→ **WHAT YOU SHOULD DO**:
What is needed is an exact repetition of the lines from the first one in the data through the line with "A blusa possui", with no pictures.

→ **DATA BLOCK**:
Segment Open
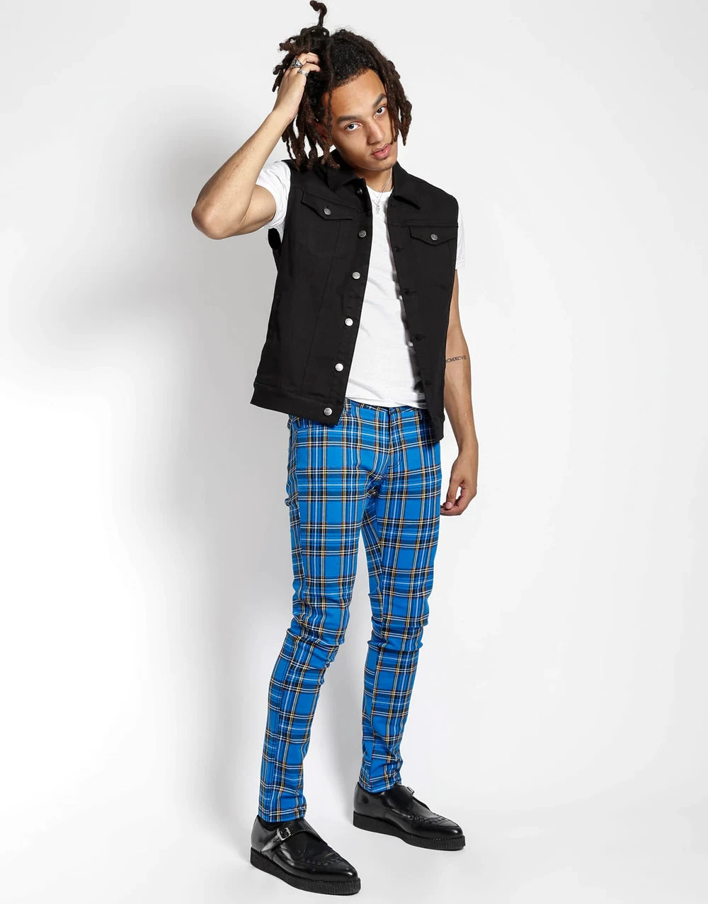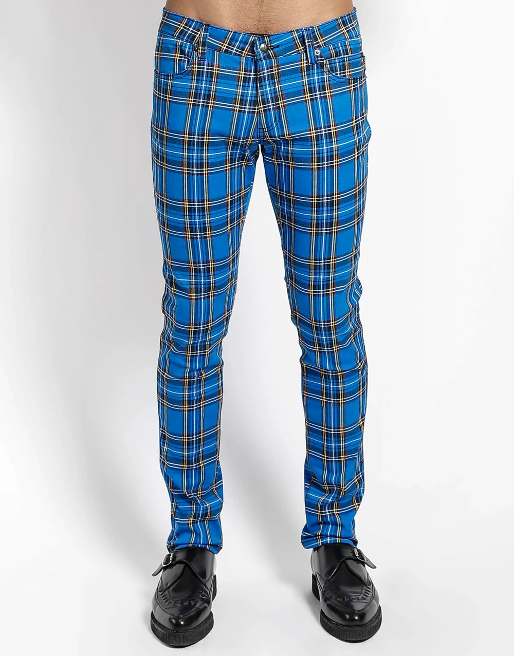 Tripp NYC’s signature men’s skinny printed rocker jean in royal plaid features classic five-pocket slim fit stretch denim with silver rivets, zip fly & button closure.
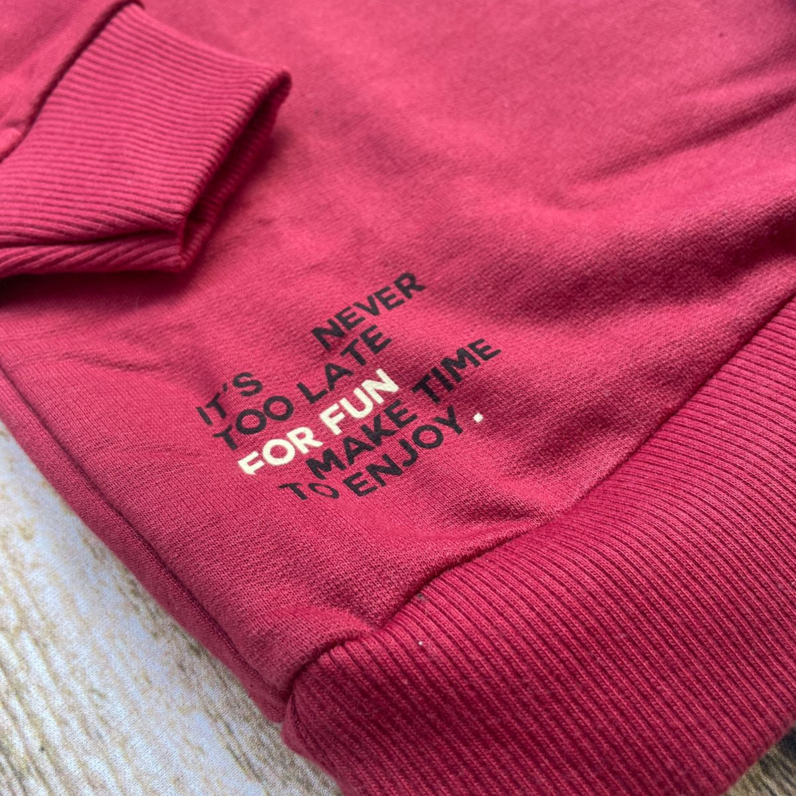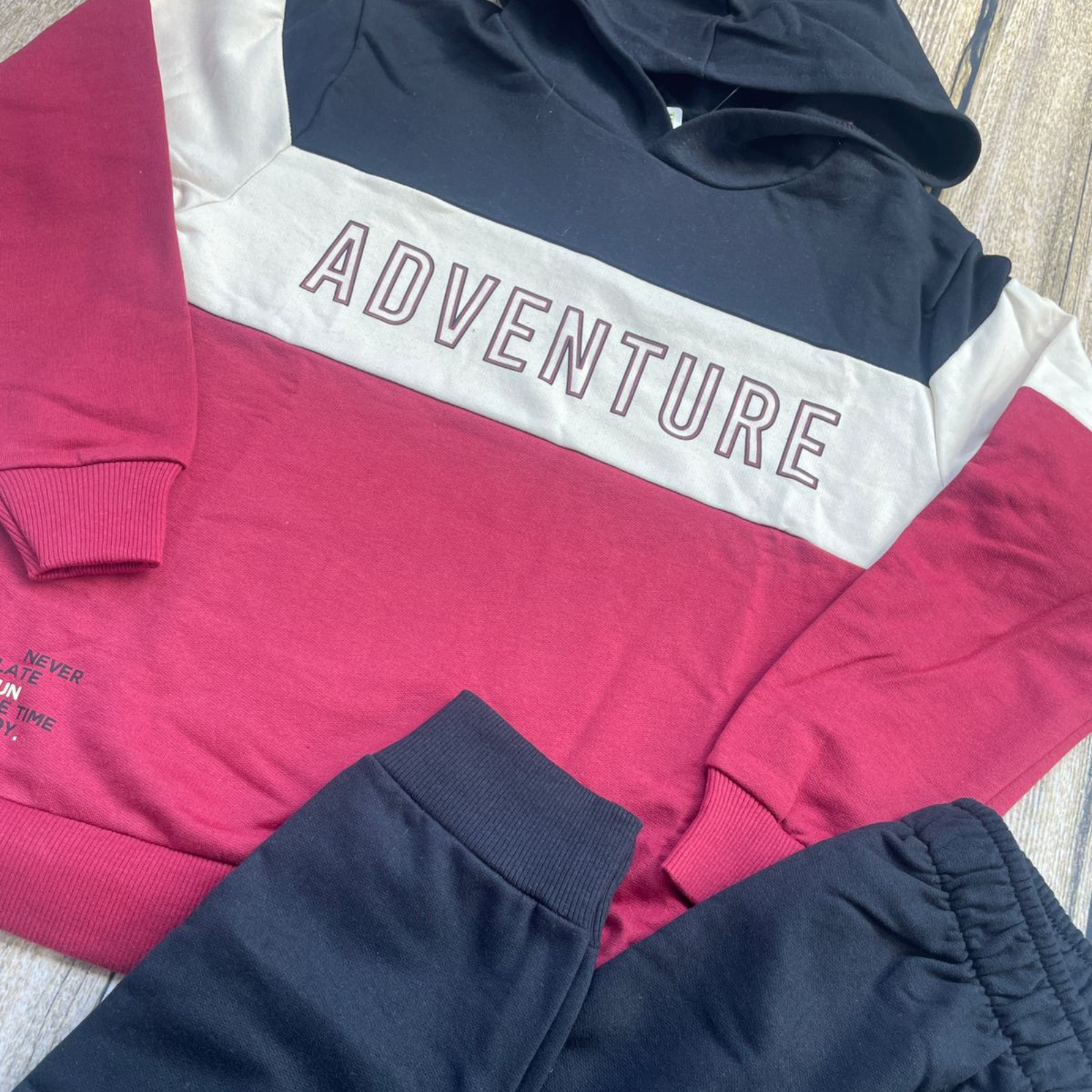 A blusa possui design moderno em cores marcantes preto, bege e vinho com estampa frontal ADVENTURE, transmitindo energia e espírito aventureiro. A calça em moletom preto, com cós elástico e punhos na barra, garante liberdade de movimentos e muito conforto.
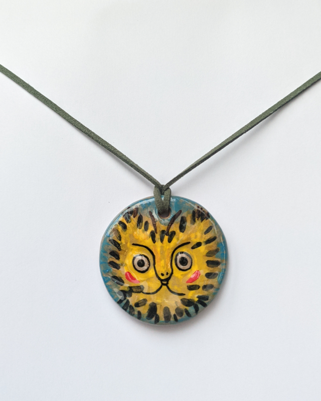 Керамічна прикраса "Кіт Поліни Райко" 🎨Матеріали: глина МКФ2, ручний розпис ангобами, полива, 2 випали 📐Розмір: 5 см, товщина 4 мм, шнурівка 80 см (вид шнурівки на ваш вибір) 💰Ціна: 400 грн 📦Спосіб доставки: НП 1-2 дні 📖Історія: авторка малюнку - Райко Пелагея (Поліна), цей неймовірний кіт жив на стіні її будинку у Олешках
Segment Closed
→ **TASK SOLUTION**:
 Tripp NYC’s signature men’s skinny printed rocker jean in royal plaid features classic five-pocket slim fit stretch denim with silver rivets, zip fly & button closure.
 A blusa possui design moderno em cores marcantes preto, bege e vinho com estampa frontal ADVENTURE, transmitindo energia e espírito aventureiro. A calça em moletom preto, com cós elástico e punhos na barra, garante liberdade de movimentos e muito conforto.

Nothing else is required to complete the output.